## TASK STATEMENT
In your copy, include every line of the records exactly and no picture at all.

=== Section Start ===

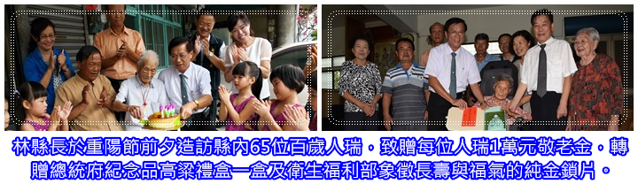 縣府為表達對本縣百歲人瑞的祝福,於9月26日至10月6日重陽節前夕,由縣長林明溱帶領社會及勞動處長林俊梧及同仁分組造訪縣內65位百歲人瑞,致贈每位人瑞1萬元敬老金,轉贈總統府紀念品高粱禮盒及衛福部象徵長壽與福氣的純金鎖片。其中今年剛好滿百歲的25名人瑞也獲頒總統敬老狀。
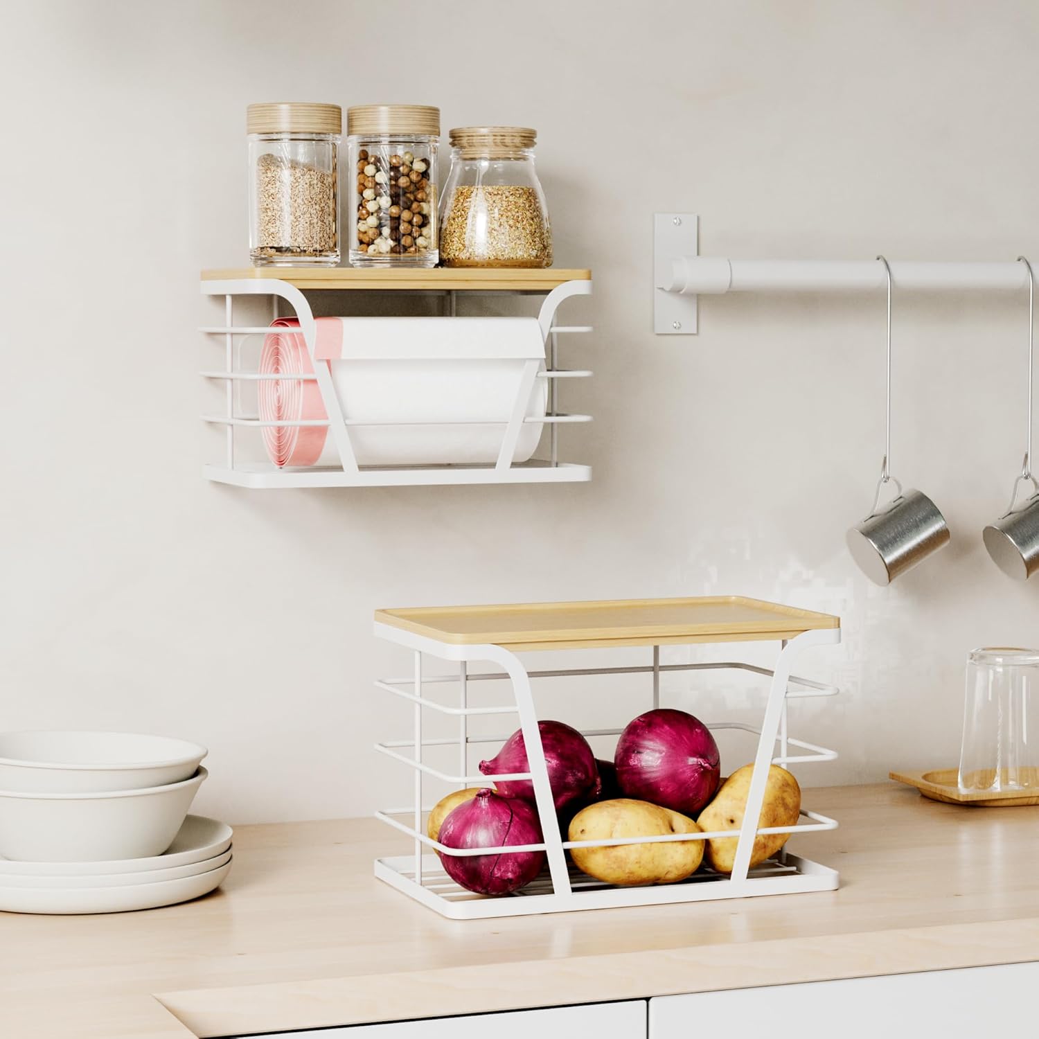 • Versatile Use for Home Organization:From pantry organization to laundry room storage. Assign the large garbage bag dispenser under sinks, use the small wall basket for kitchen sink accessories, or mount both as apartment organization
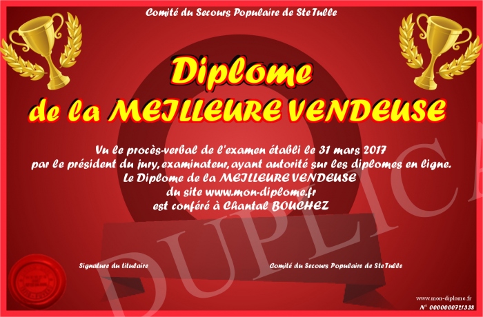 Envoyez par email votre Diplôme de la MEILLEURE VENDEUSE personalisé
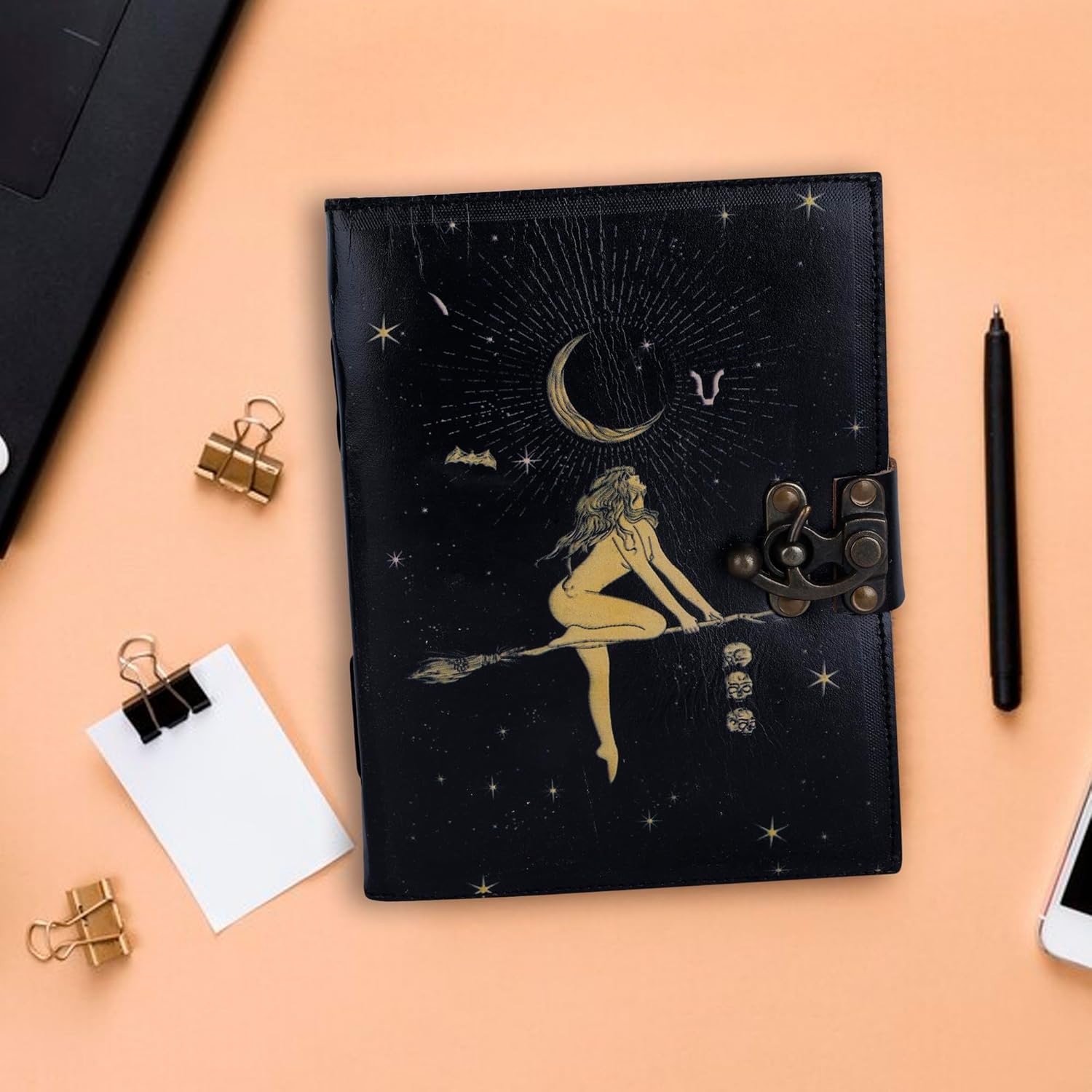 OD-35 OVERDOSE Celestial Sun & moon Handmade vintage leather journal • Deckle edge paper 6/8
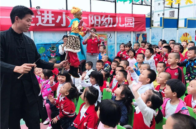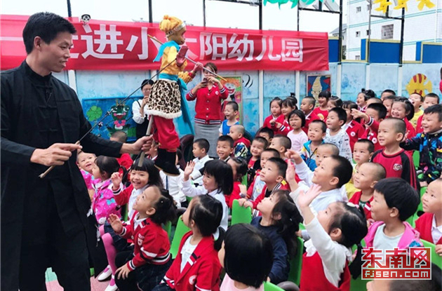 “木偶进校园”活动场面。上杭县客家木偶艺术传习中心供图 进入新时代,随着国家对传承优秀传统文化的重视,作为闽西客家艺术瑰宝的傀儡戏也得到当地政府的大力扶持。 2015年,根据相关文件精神,上杭县艺术中心更名为上杭县客家木偶艺术传习中心,闽西上杭傀儡戏的传承多了一份助力。 “政府每年给予中心20万传承经费。”上杭县客家木偶传习中心主任邱保铭告诉记者,传习中心每年至少举行50场木偶戏展演,通过“木偶进社区”、“木偶进校园”等措施,让闽西上杭傀儡戏重新回到大众视野。“我们现在返聘了多位木偶老艺人为传习中心开展不定期的授课。”邱保铭说,另一方面,为了提高木偶表演艺人的水平,除了积极组队参加各地木偶交流活动,上杭还派专人前往泉州、厦门等地学习技艺,并邀请外地专家来上杭指导授课。此外,传习中心通过培养、招收学员等方式不断为木偶戏演出队伍储备人才,“现在我们的队伍不断壮大,其中有15个是年轻人才”。 “从小我就很喜欢看傀儡戏。”2016年,刚刚大学毕业的叶曼云怀着满腔热血报考了上杭县木偶艺术传习中心,几乎与此同时,她在朋友的引荐下认识了王荣昌,并很快拜在他的门下。 在她眼里,师父不仅技艺高超,而且和蔼可亲,“第一次到师父家里拜访,他就留我们在家吃饭,非常热情。”从此,叶曼云常常驱车来到泮境,跟着王荣昌学习木偶表演、提线、唱腔等技艺。如今,她已经成为上杭县客家木偶传习中心的骨干成员。
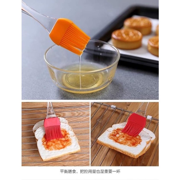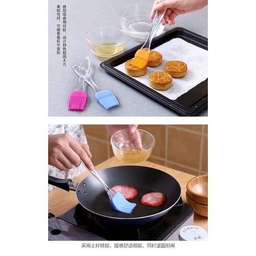 - Quét Bằng Silicone được dùng để quét, phết bơ, trứng, nước đường,dầu lên mặt bánh tiện lợi, dùng để phết thêm dầu, gia vị vào đồ nướng.
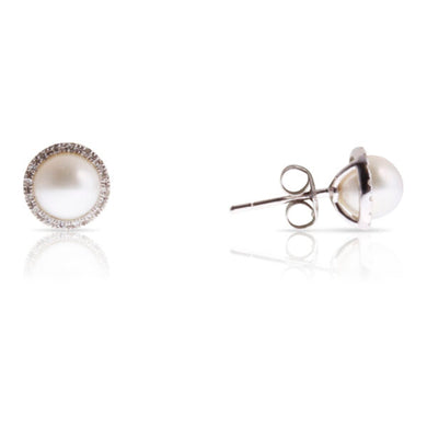Ladies 14 Karat White Gold Stud Freshwater Pearl 8MM Earrings With 0.07Tw Round H/I Si2 Diamonds
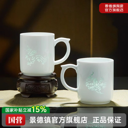景德镇官方陶瓷龙凤玲珑马克杯高温白瓷大容量家用喝水杯子礼盒装

=== Section End ===

## EXERCISE RESPONSE
 縣府為表達對本縣百歲人瑞的祝福,於9月26日至10月6日重陽節前夕,由縣長林明溱帶領社會及勞動處長林俊梧及同仁分組造訪縣內65位百歲人瑞,致贈每位人瑞1萬元敬老金,轉贈總統府紀念品高粱禮盒及衛福部象徵長壽與福氣的純金鎖片。其中今年剛好滿百歲的25名人瑞也獲頒總統敬老狀。
 • Versatile Use for Home Organization:From pantry organization to laundry room storage. Assign the large garbage bag dispenser under sinks, use the small wall basket for kitchen sink accessories, or mount both as apartment organization
 Envoyez par email votre Diplôme de la MEILLEURE VENDEUSE personalisé
 OD-35 OVERDOSE Celestial Sun & moon Handmade vintage leather journal • Deckle edge paper 6/8
 “木偶进校园”活动场面。上杭县客家木偶艺术传习中心供图 进入新时代,随着国家对传承优秀传统文化的重视,作为闽西客家艺术瑰宝的傀儡戏也得到当地政府的大力扶持。 2015年,根据相关文件精神,上杭县艺术中心更名为上杭县客家木偶艺术传习中心,闽西上杭傀儡戏的传承多了一份助力。 “政府每年给予中心20万传承经费。”上杭县客家木偶传习中心主任邱保铭告诉记者,传习中心每年至少举行50场木偶戏展演,通过“木偶进社区”、“木偶进校园”等措施,让闽西上杭傀儡戏重新回到大众视野。“我们现在返聘了多位木偶老艺人为传习中心开展不定期的授课。”邱保铭说,另一方面,为了提高木偶表演艺人的水平,除了积极组队参加各地木偶交流活动,上杭还派专人前往泉州、厦门等地学习技艺,并邀请外地专家来上杭指导授课。此外,传习中心通过培养、招收学员等方式不断为木偶戏演出队伍储备人才,“现在我们的队伍不断壮大,其中有15个是年轻人才”。 “从小我就很喜欢看傀儡戏。”2016年,刚刚大学毕业的叶曼云怀着满腔热血报考了上杭县木偶艺术传习中心,几乎与此同时,她在朋友的引荐下认识了王荣昌,并很快拜在他的门下。 在她眼里,师父不仅技艺高超,而且和蔼可亲,“第一次到师父家里拜访,他就留我们在家吃饭,非常热情。”从此,叶曼云常常驱车来到泮境,跟着王荣昌学习木偶表演、提线、唱腔等技艺。如今,她已经成为上杭县客家木偶传习中心的骨干成员。
 - Quét Bằng Silicone được dùng để quét, phết bơ, trứng, nước đường,dầu lên mặt bánh tiện lợi, dùng để phết thêm dầu, gia vị vào đồ nướng.
Ladies 14 Karat White Gold Stud Freshwater Pearl 8MM Earrings With 0.07Tw Round H/I Si2 Diamonds
景德镇官方陶瓷龙凤玲珑马克杯高温白瓷大容量家用喝水杯子礼盒装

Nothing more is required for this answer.